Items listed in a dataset

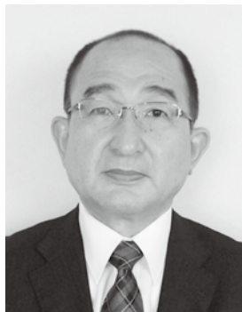
新くろがね会会長
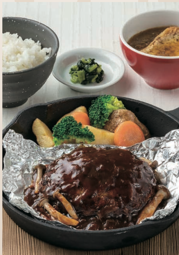
包み焼きハンバーグ定食 ～信州きのこのデミグラス～
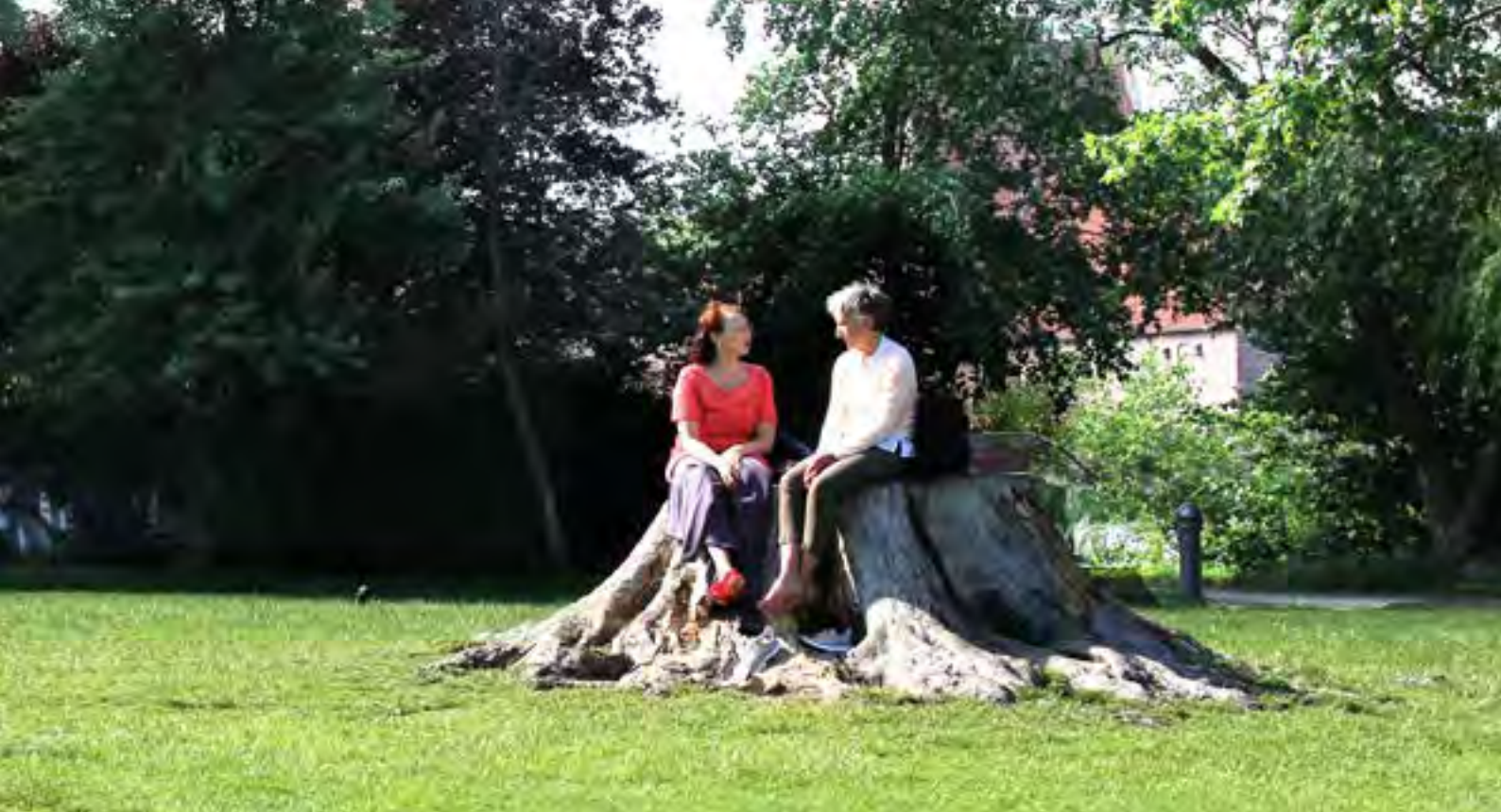
Posen i Hillerød: En afskåret stamme fungerer som siddeareal.
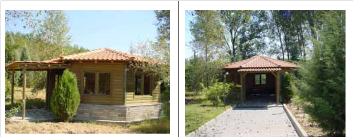
Εικόνα 4. Κατασκευή ξύλινου αναψυκτηρίου και περιβάλλουσα βλάστηση

ΕΡΓΟ 4 ο Υπαίθριος Χώρος Περιβαλλοντικής Εκπαίδευσης. Ο υπαίθριος χώρος περιβαλλοντικής εκπαίδευσης προτείνεται να αποτελεί έναν ειδικά διαμορφωμένο χώρο με καθιστικά προσαρμοσμένα στο ευρύτερο τοπίο (Εικόνα 5).
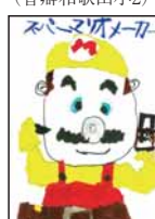
▲土山 奏空 (山口小2)

EXERCISE DESCRIPTION:
The answer should hold every entry exactly as given and no pictures at all.

ANSWER TO THIS TASK:
新くろがね会会長
包み焼きハンバーグ定食 ～信州きのこのデミグラス～
Posen i Hillerød: En afskåret stamme fungerer som siddeareal.
Εικόνα 4. Κατασκευή ξύλινου αναψυκτηρίου και περιβάλλουσα βλάστηση

ΕΡΓΟ 4 ο Υπαίθριος Χώρος Περιβαλλοντικής Εκπαίδευσης. Ο υπαίθριος χώρος περιβαλλοντικής εκπαίδευσης προτείνεται να αποτελεί έναν ειδικά διαμορφωμένο χώρο με καθιστικά προσαρμοσμένα στο ευρύτερο τοπίο (Εικόνα 5).
▲土山 奏空 (山口小2)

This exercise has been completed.